- **WHAT YOU ARE ASKED TO DO**
Find the line containing "Dahlia blooms background." in the entries; transcribe it and all remaining lines through the end, exactly as they appear, but not the pictures.

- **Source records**
_____
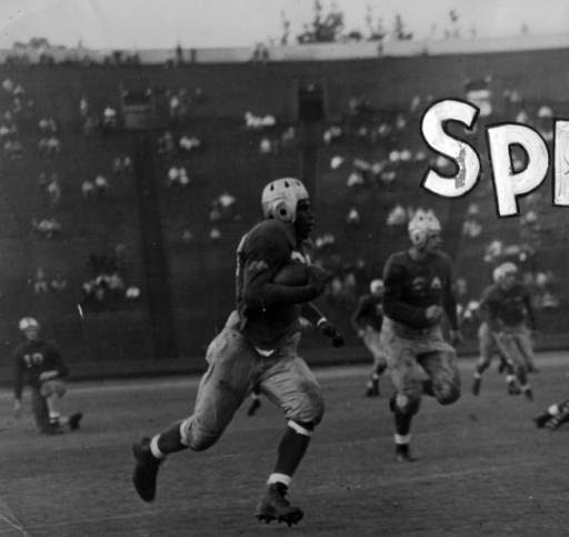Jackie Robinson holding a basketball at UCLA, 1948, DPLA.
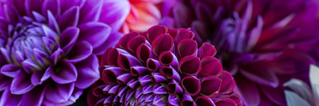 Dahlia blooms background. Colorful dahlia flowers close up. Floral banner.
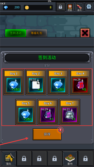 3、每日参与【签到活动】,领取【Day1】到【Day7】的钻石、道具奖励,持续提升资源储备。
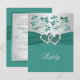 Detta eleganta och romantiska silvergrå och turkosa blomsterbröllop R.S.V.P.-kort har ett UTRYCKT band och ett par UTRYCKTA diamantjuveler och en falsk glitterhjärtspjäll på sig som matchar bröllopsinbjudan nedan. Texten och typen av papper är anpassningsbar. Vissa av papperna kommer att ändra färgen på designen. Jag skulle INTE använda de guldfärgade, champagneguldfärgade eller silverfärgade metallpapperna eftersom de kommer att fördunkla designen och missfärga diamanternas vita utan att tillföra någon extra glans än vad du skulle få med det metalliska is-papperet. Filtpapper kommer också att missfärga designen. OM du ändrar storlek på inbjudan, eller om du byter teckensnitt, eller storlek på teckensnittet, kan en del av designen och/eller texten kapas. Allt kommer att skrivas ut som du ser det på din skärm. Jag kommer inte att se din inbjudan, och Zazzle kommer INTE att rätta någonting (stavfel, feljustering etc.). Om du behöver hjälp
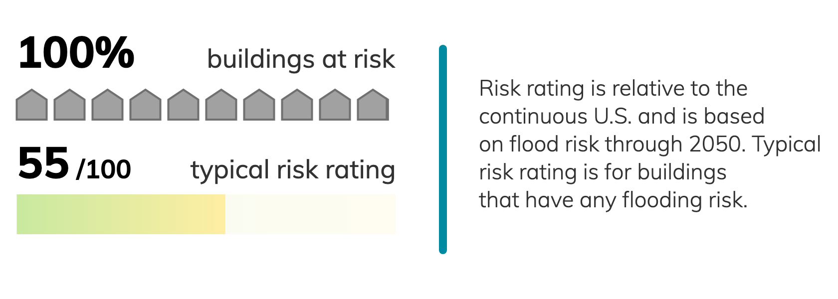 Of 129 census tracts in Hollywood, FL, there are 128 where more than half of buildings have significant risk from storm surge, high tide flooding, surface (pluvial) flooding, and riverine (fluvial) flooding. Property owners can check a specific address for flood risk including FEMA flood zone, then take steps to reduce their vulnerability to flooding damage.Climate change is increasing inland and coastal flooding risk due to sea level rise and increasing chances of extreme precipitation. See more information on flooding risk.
_____
- **SOLUTION BELOW**
 Dahlia blooms background. Colorful dahlia flowers close up. Floral banner.
 3、每日参与【签到活动】,领取【Day1】到【Day7】的钻石、道具奖励,持续提升资源储备。
 Detta eleganta och romantiska silvergrå och turkosa blomsterbröllop R.S.V.P.-kort har ett UTRYCKT band och ett par UTRYCKTA diamantjuveler och en falsk glitterhjärtspjäll på sig som matchar bröllopsinbjudan nedan. Texten och typen av papper är anpassningsbar. Vissa av papperna kommer att ändra färgen på designen. Jag skulle INTE använda de guldfärgade, champagneguldfärgade eller silverfärgade metallpapperna eftersom de kommer att fördunkla designen och missfärga diamanternas vita utan att tillföra någon extra glans än vad du skulle få med det metalliska is-papperet. Filtpapper kommer också att missfärga designen. OM du ändrar storlek på inbjudan, eller om du byter teckensnitt, eller storlek på teckensnittet, kan en del av designen och/eller texten kapas. Allt kommer att skrivas ut som du ser det på din skärm. Jag kommer inte att se din inbjudan, och Zazzle kommer INTE att rätta någonting (stavfel, feljustering etc.). Om du behöver hjälp
 Of 129 census tracts in Hollywood, FL, there are 128 where more than half of buildings have significant risk from storm surge, high tide flooding, surface (pluvial) flooding, and riverine (fluvial) flooding. Property owners can check a specific address for flood risk including FEMA flood zone, then take steps to reduce their vulnerability to flooding damage.Climate change is increasing inland and coastal flooding risk due to sea level rise and increasing chances of extreme precipitation. See more information on flooding risk.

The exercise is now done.